# Vault demonstration

In [1]:
%%capture
try:
    import flashbax as fbx
except ModuleNotFoundError:
    print('installing flashbax')
    %pip install -q flashbax
    import flashbax as fbx

In [2]:
import jax
from typing import NamedTuple
import jax.numpy as jnp
from flashbax.vault import Vault
import flashbax as fbx
from chex import Array

We create a simple timestep structure, with a corresponding flat buffer.

In [3]:
class FbxTransition(NamedTuple):
    obs: Array

tx = FbxTransition(obs=jnp.zeros(shape=(2,)))
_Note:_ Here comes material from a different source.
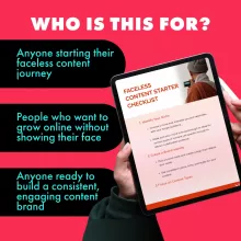 Don’t let fear of being on camera hold you back. Download the Faceless Content Starter Checklist today and start creating content that grows your audience, builds your brand, and makes an impact—all without showing your face. Your faceless content journey starts now!
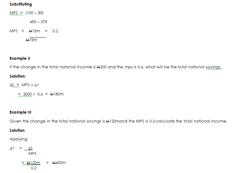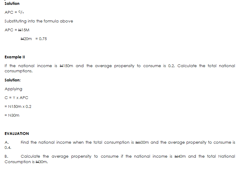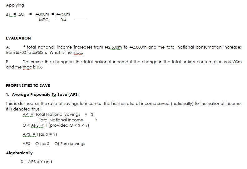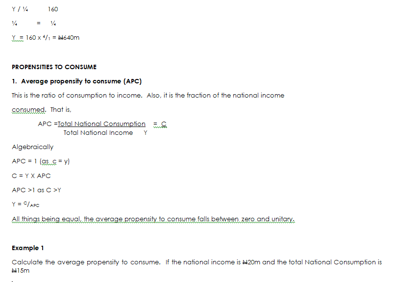 - Find the national income when the total consumption is N600m and the average propensity to consume is 0.4.

buffer = fbx.make_n_step_buffer(
    max_length=5,
    min_length=1,
    sample_batch_size=1,
)
buffer_state = buffer.init(tx)
buffer_add = jax.jit(buffer.add, donate_argnums=0)

An NVIDIA GPU may be present on this machine, but a CUDA-enabled jaxlib is not installed. Falling back to cpu.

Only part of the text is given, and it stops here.